The Surgeon General’s Office in the United States Army started an index of all holdings in its library in 1880. The various volumes were printed until 1961. Because the Army Medical Library became the largest medical library in the world in the late 1890s, the Index-Catalogue of the Library of the Surgeon-General’s Office, 1880-1961, can be considered an almost complete compilation of the medical literature.

The Index-Catalogue was digitized to allow easier access to the listings. It is known as IndexCatTM. However, it is not like PubMed; MESH terms are not used and the articles are listed without links to full-text articles.

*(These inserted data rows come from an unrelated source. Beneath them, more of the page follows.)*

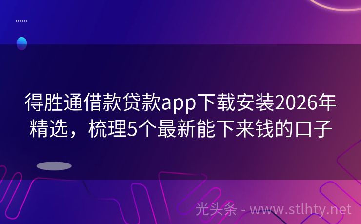 得胜通借款贷款app下载安装2026年精选,梳理5个最新能下来钱的口子
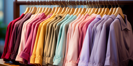 Colorful array of neatly arranged blouses on hangers. AI generation
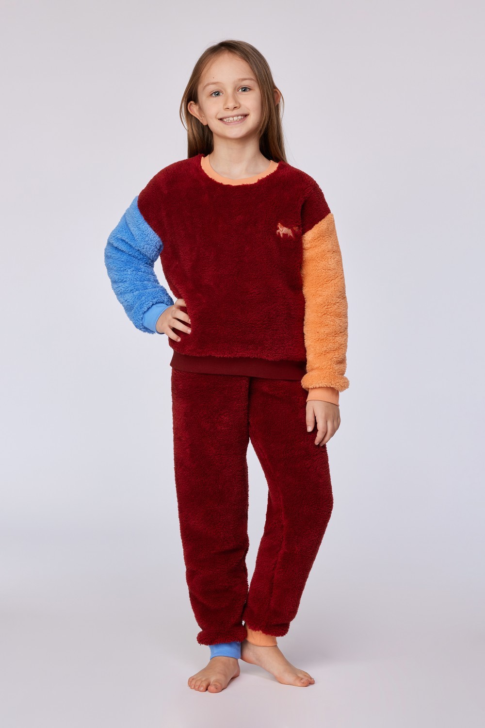 252-10-PYM-M/495Donkerrode set van teddystof. De set bestaat uit een sweatertrui en broek met rekker. De sweater met kleine ponyprint heeft twee contrasterende mouwen oranje en blauw, net zoals de pijpuiteinden van de broek. De set is verkrijgbaar in de maten 6m-XXL.
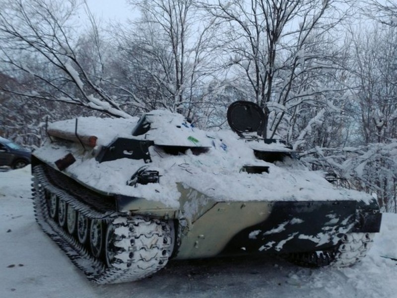 Житель Апатитов въехал в супермаркет на броневике и украл вино (ВИДЕО)
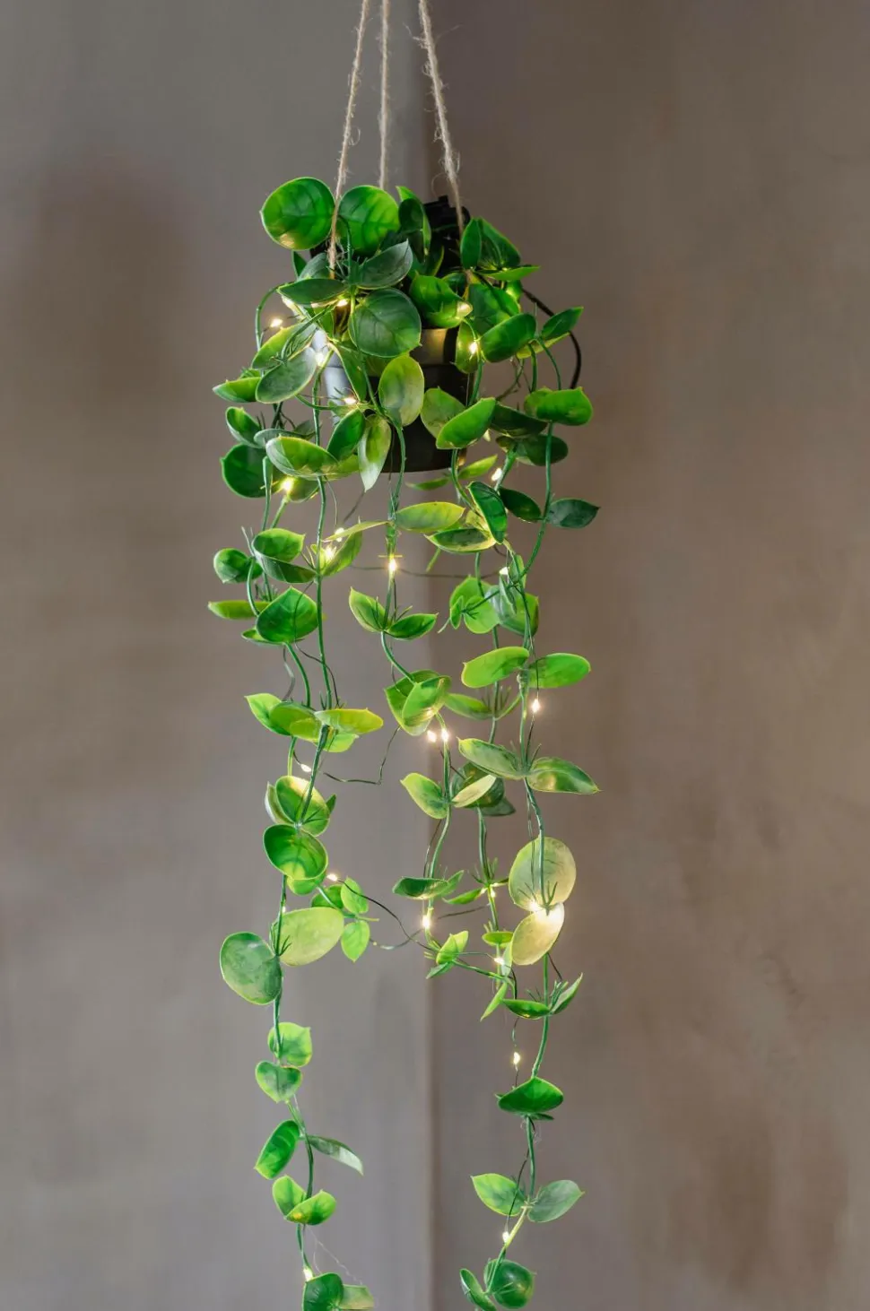 Dekorativ kunstig plante med dugdråbe-lyskæde, 35 varmhvide lyspunkter giver en flot glød. Perfekt grønt til hjemmets lidt mørkere hjørner, også velegnet udendørs, da batteriboksen er beregnet til udendørs brug. Sort plastikpotte med jutesnor til nem placering, hængende eller stående.
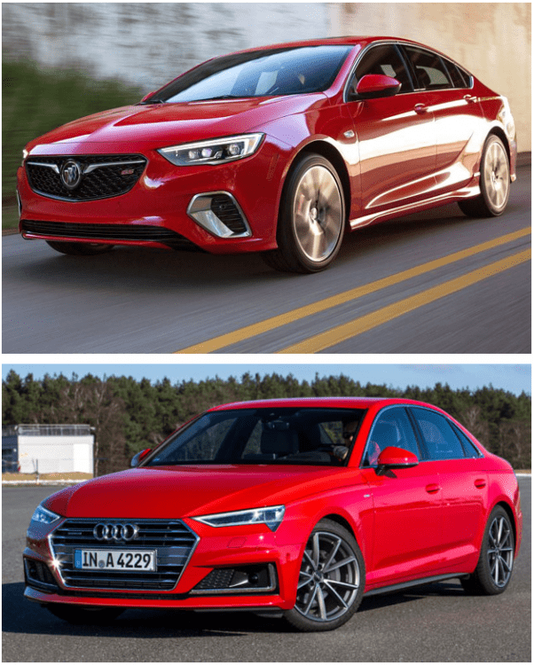 2019 Regal GS to A4 I have to say it is very subjective as I think both cars are very nice looking, but I like the lower portion of the doors on the GS over the A4. 2019 GS versus A4 interior is a bit different. It is a shame that Buick cannot offer anything else but just black. Two Tone is very much needed on cars today to give a nicer more inviting interior to enjoy. I will say I HATE that LCD screen sticking up, to me this is an Afterthought on the A4, cheap bean counting last minute consideration. Kinda like the cheap approach Lincoln Aviator gives me. By now these things should be properly integrated into the Dash.
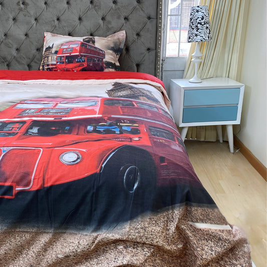 Edredón Navidad TRINEO SANTA doble faz con unicolor ROJO. Incluye funda(s) de almohadones decorativos
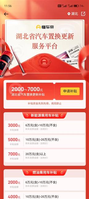 5月31日早上8点开始,符合条件的消费者可以下载懂车帝APP进入“湖北省汽车置换更新服务平台”板块,按系统提示完整、准确、清晰填写和提交补贴申请信息。
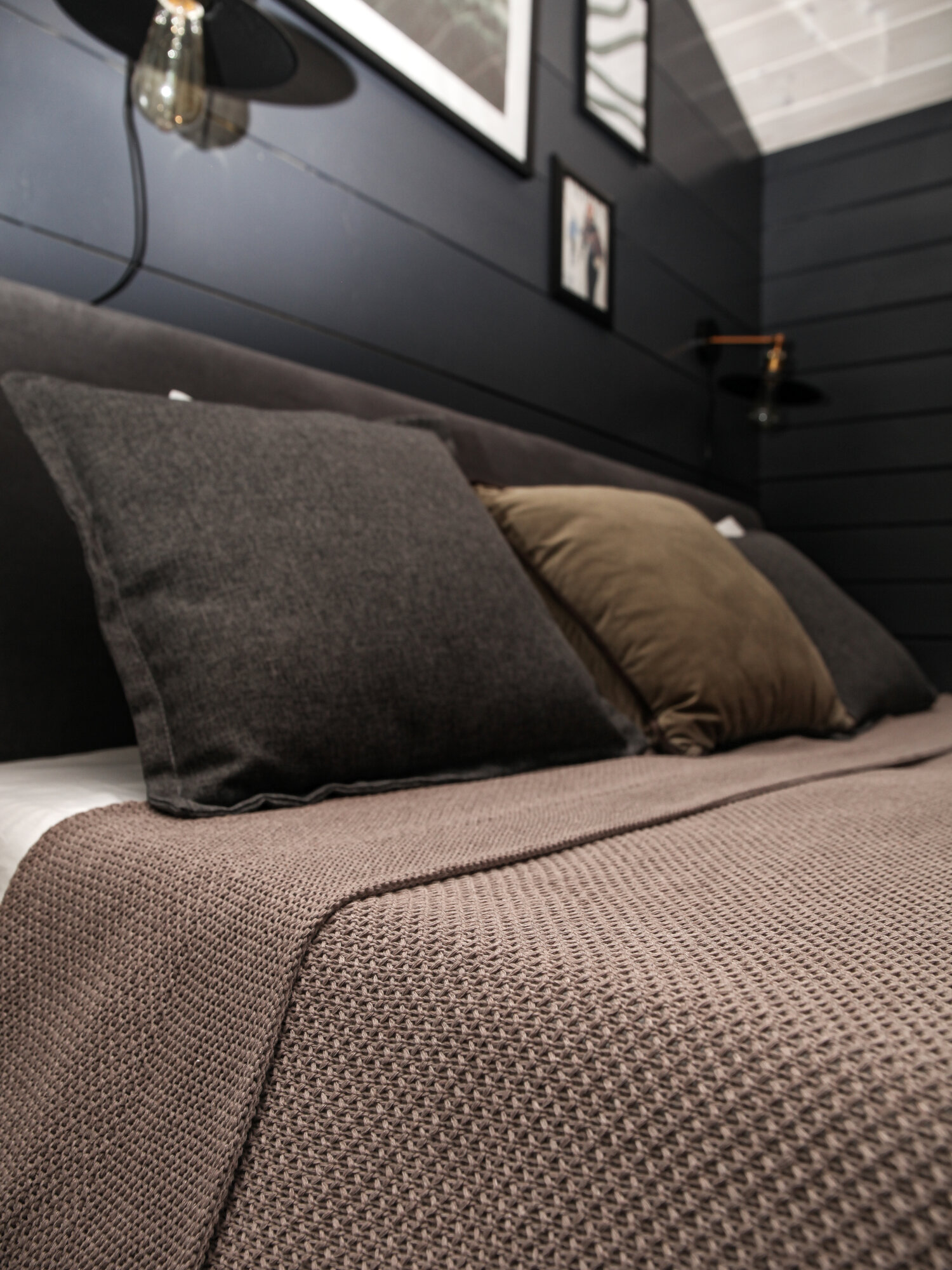 Плед 220х240, вязаный, KING PLAID, темно-серый, хлопок 100%, покрывало на кровать, на диван, на кресло, большой, тонкий, в подарочной сумке 4 200 ₽

Researchers must LocatorPlus®, or to archives of medical libraries to find the volumes.

Researchers might also find that some articles were printed in several journals or monographs; the restrictions on publishing did not exist in earlier times. Librarians can aid in the research by providing keywords for the former names of diseases. For example, tuberculosis was known as consumption. Women’s gynecological issues might have called hysteria.

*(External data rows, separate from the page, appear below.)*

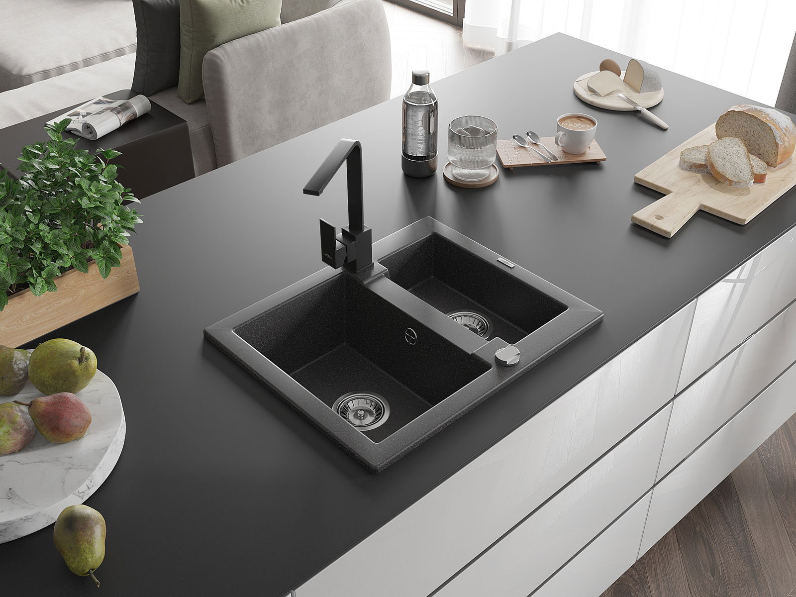 Mexen Carlos νεροχύτης από γρανίτη 1,5 θαλάμου με μπαταρία κουζίνας Rita,
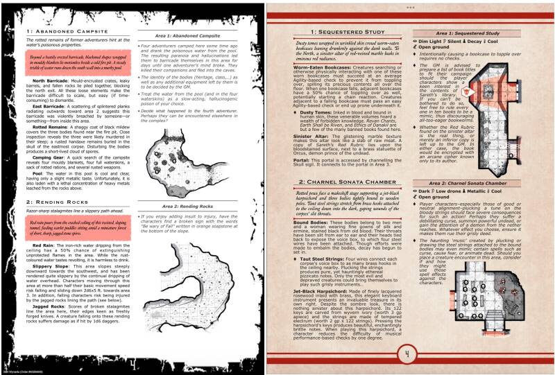 - Written for players: The content is written with the player experience in mind. Each area contains interesting features that beg to be interacted with, offering meaningful choices which impact the encounter and adventure.
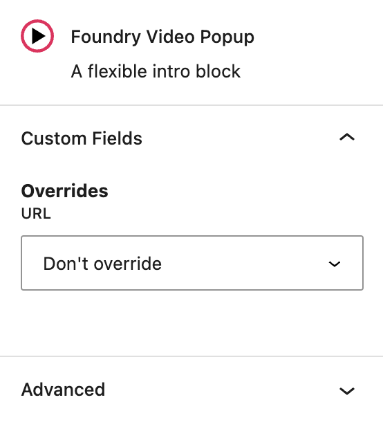 This allows you to replace the need to set a link in the Toolbar with a URL set in a custom field, within a post. This override will display a video popup within a Query Block setup.
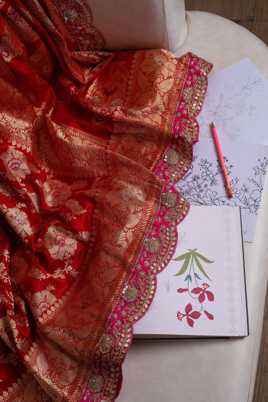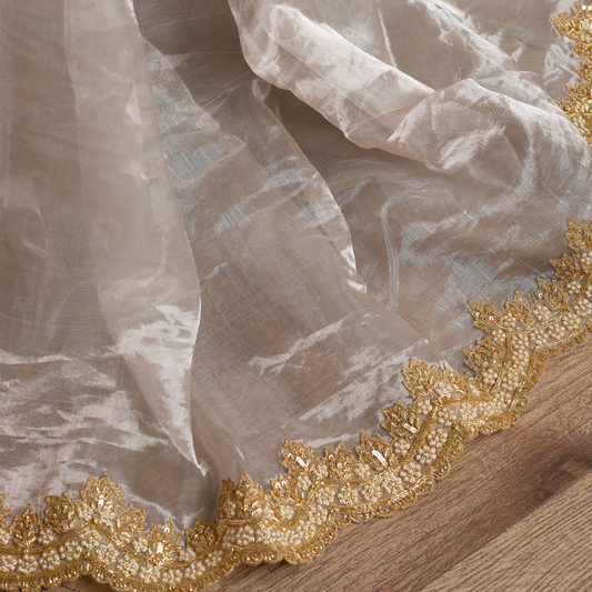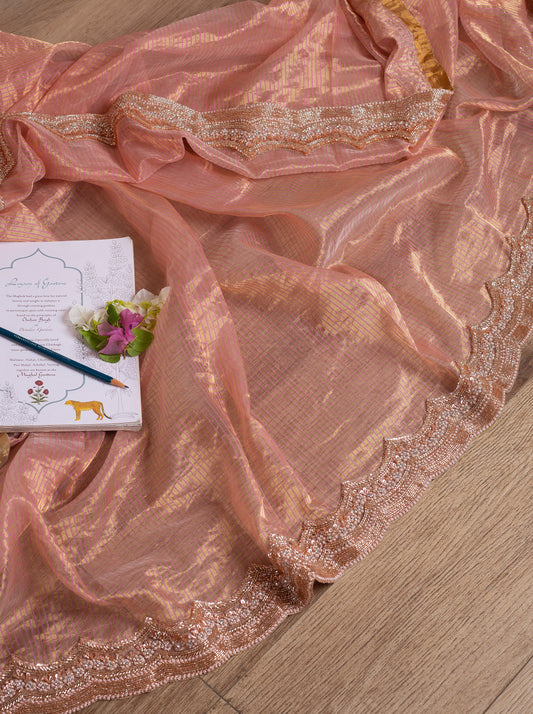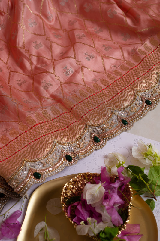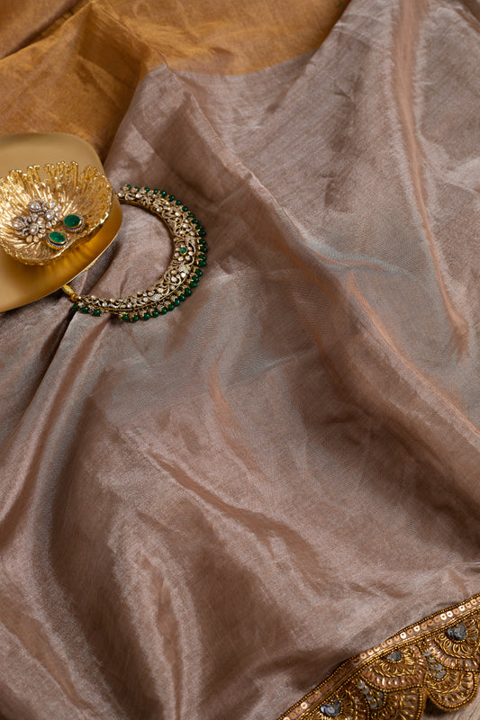 Mauve Shaded Hand Embroidered Bandhani Saree
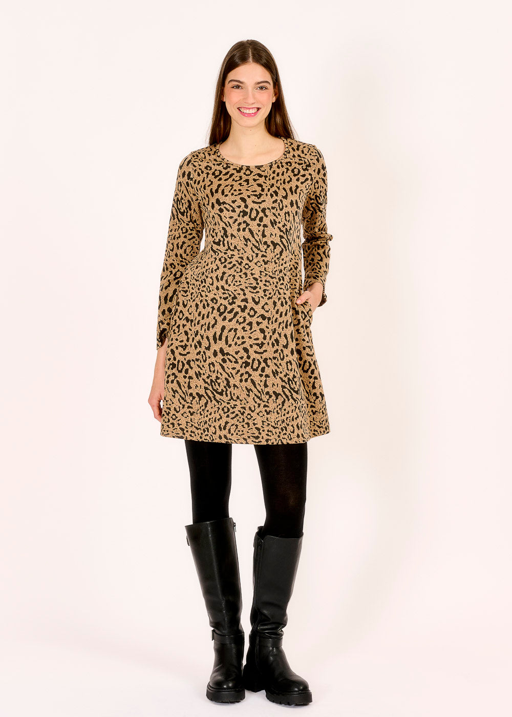 Entdecke das elegante Animalkleid in der warmen Farbe Cappuccino – perfekt für einen stilvollen Auftritt mit einem Hauch von Wildheit. Fühl dich rundum wohl in diesem aufregenden Design, das Komfort und Trend vereint!

Index-Cat digitized even earlier medical references to its database: eTK (A Catalogue of Incipits of Mediaeval Scientific Writings in Latin by by Lynn Thorndike and Pearl Kibre) in 1997 and eVK2 (Scientific and Medical Writings in Old and Middle English: An Electronic Reference by Linda Ehrsam Voigts and Patricia Deery Kurtz) in 1985.

Index-CatTM is a free resource available. To obtain the necessary articles, work with ILL to obtain copies. Index-CatTM can be used to research the history of medicine, the trajectory of diseases, and cures available in certain periods of history.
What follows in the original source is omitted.